Anyway, it's another example of a big pharma needing to slash expenses to deal with patent expirations, weak drug development pipelines, etc. Usually a stock goes up on news of cost cuts, but on a weak big pharma tape this morning NVS shares are lower. Only GlaxoSmithKline , which is talking today about its neuroscience drug pipeline today, is in the green by a fraction.

To deal with those issues the major pharmaceutical companies have been buying or partnering with biotechnology companies. But one firm they're apparently not interested in is Biogen Idec . The Boston biotech shocked the market after the closing bell yesterday when it announced it was taking itself off the market because it couldn't find a buyer. Before BIIB said it was up for sale on October 12th the stock was trading at 69 bucks and change. It topped out at $82.51 a few days later. This morning, it's plummeted to the mid-50s.

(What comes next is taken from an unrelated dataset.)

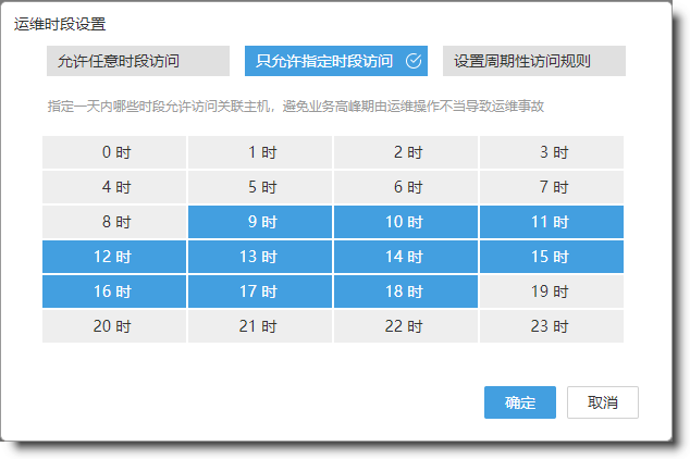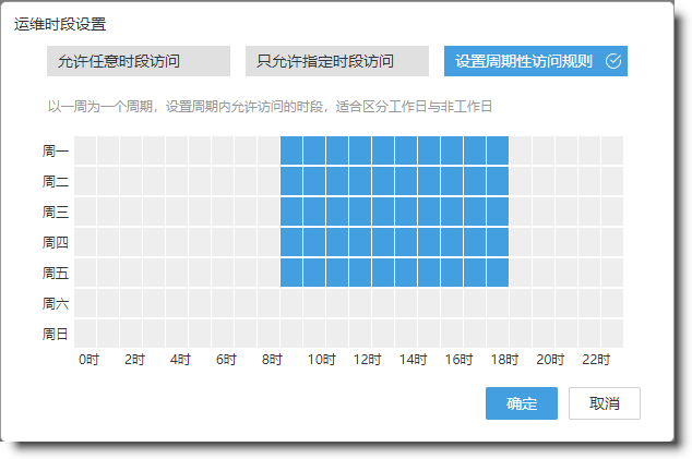 b)除了以天为维度指定固定的访问时段外,还支持以周为维度设置周期性访问规则,方便将工作日与非工作日进行区别对待。
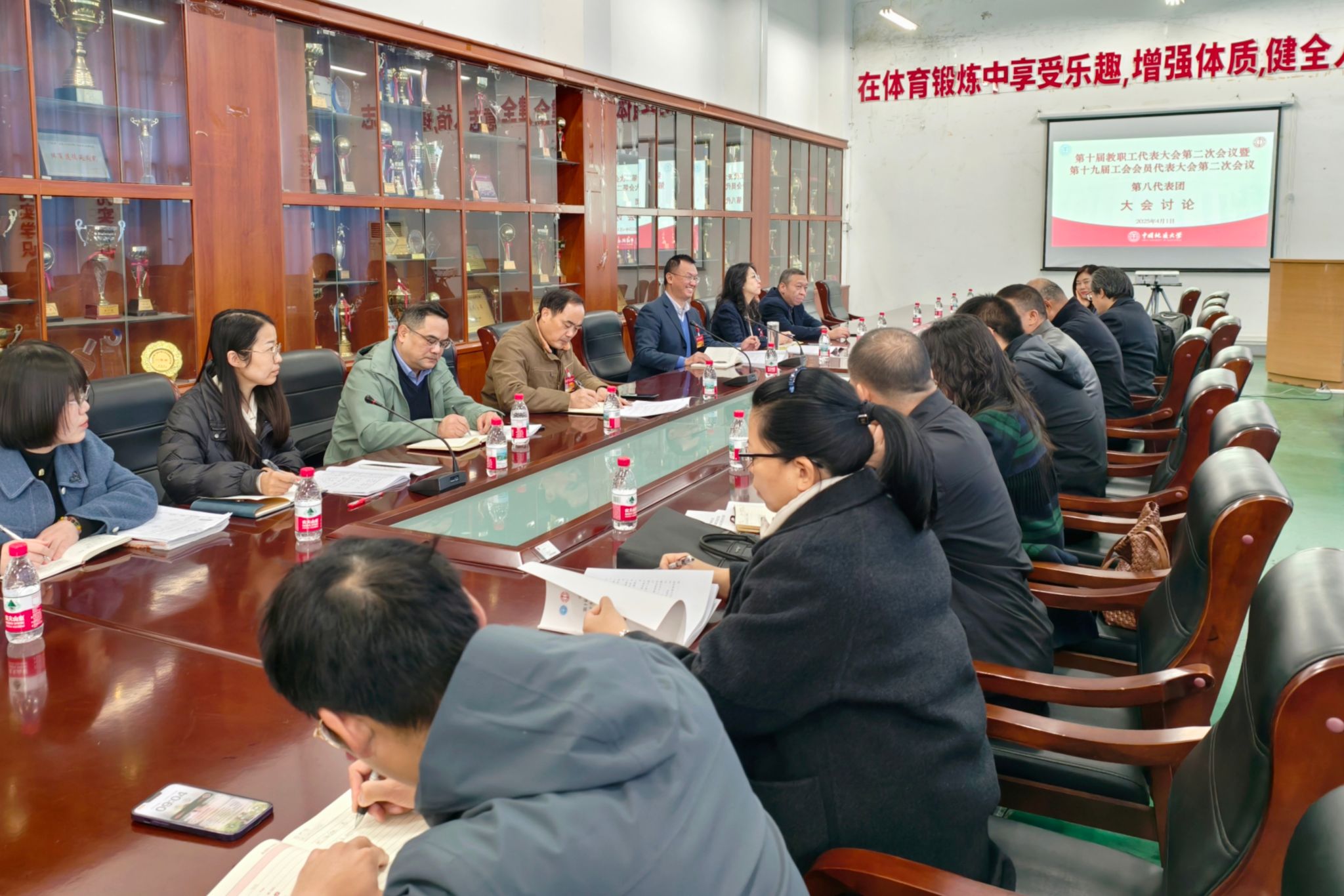 (通讯员 何鹏飞)4月1日上午,学校两代会第八代表团在南望山校区西区体育馆举行讨论会。第八代表团由外国语学院、数理学院、艺术与传媒学院、beat365中文登录入口代表组成,共有正式代表34人,列席代表10人。学校党委副书记、纪委书记唐忠阳以及校园规划与基建处、人力资源部、本科生院、科学发技术发展院、财务与资产管理部等部门负责同志参加讨论会。会议由第八代表团团长、beat365中文登录入口党委书记何建新主持会议。

Every biotech analyst is weighing in on what happened. Some think Genentech and Elan which share BIIB's drugs Rituxan and Tysabri, respectively, got in the way. Others disagree saying the price got way out of line even for cash-rich big pharma. Cowen & Co.'s Eric Schmidt writes in a research note to clients, "The history with busted biotech M & A (merger and acquisition) auctions (SRA, IMCL) suggested that at least 3-6 months may be required for a stock to recover."

Sanford C. Bernstein's Geoffrey Porges says, "This transaction should remove the aura of infallability associated with Carl Icahn's initiatives in biotechnology in recent months." The billionaire activist investor took a stake in BIIB and was a driving force in the company putting itself on the block. Investors thought he'd do for Biogen Idec what he did for MedImmune which Icahn was successful in getting taken out by AstraZeneca for a huge premium.

But Leerink Swann's Bill Tanner remains bullish. He's keeping a 12-month $89 price target on BIIB shares. He argues, "We believe there is no fundamental change associated with yesterday's announcement, and regard the post-market trading activity as an over-reaction." All three of the firms make a market in BIIB.

The shorts--investors who were betting that things might turn out this way and that the stock would go down--are cleaning up, but those who were long and counting on a big pharma company to grab Biogen Idec for a hefty price are taking a big hit ahead of the Christmas holiday. I wonder what impact this will have on the premiums the market will assign to future suspected or announced biotech takeout targets. Big pharma might be thinking it's gained a little leverage. Or maybe this is just an anomaly.